_DATA TO EXAMINE_
──────

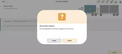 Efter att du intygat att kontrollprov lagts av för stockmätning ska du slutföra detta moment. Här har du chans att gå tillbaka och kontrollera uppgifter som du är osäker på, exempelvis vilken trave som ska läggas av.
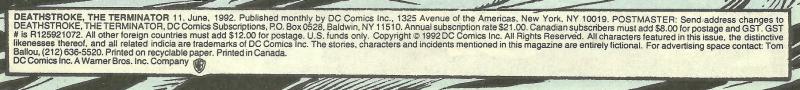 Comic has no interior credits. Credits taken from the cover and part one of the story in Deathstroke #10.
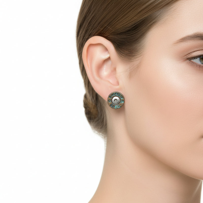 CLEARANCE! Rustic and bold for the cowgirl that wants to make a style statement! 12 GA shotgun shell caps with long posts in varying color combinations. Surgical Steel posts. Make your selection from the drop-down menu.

──────

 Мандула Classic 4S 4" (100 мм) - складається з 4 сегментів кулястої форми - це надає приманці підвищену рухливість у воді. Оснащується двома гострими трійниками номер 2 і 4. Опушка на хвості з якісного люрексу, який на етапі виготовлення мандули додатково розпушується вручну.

──────

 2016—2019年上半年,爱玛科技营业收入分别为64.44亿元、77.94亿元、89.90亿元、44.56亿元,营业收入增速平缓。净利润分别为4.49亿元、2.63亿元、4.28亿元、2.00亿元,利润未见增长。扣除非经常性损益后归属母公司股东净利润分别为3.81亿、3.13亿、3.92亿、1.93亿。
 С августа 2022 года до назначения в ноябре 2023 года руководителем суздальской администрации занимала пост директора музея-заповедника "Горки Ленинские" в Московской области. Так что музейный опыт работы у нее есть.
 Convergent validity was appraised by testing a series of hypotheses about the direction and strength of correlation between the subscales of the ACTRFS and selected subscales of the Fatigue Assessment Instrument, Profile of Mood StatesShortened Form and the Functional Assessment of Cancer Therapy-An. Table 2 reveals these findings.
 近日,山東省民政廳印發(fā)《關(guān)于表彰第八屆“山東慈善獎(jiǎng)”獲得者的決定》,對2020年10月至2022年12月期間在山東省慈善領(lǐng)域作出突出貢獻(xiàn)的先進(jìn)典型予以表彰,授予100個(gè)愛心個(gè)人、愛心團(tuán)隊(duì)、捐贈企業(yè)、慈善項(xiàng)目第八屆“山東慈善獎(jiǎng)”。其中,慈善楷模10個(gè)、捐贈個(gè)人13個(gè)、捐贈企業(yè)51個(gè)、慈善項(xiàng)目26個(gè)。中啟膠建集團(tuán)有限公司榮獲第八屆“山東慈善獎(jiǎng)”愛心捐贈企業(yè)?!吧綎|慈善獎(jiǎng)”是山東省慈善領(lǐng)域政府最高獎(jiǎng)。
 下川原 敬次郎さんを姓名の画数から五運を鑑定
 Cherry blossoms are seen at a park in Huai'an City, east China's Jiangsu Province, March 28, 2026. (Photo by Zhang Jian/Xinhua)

──────

_WHAT NEEDS TO BE DONE_
Output only the stretch above from the line with "Efter att du" through the line with "CLEARANCE! Rustic and", reproduced exactly. Exclude pictures.

_ANSWER FOR THIS EXERCISE_
 Efter att du intygat att kontrollprov lagts av för stockmätning ska du slutföra detta moment. Här har du chans att gå tillbaka och kontrollera uppgifter som du är osäker på, exempelvis vilken trave som ska läggas av.
 Comic has no interior credits. Credits taken from the cover and part one of the story in Deathstroke #10.
 CLEARANCE! Rustic and bold for the cowgirl that wants to make a style statement! 12 GA shotgun shell caps with long posts in varying color combinations. Surgical Steel posts. Make your selection from the drop-down menu.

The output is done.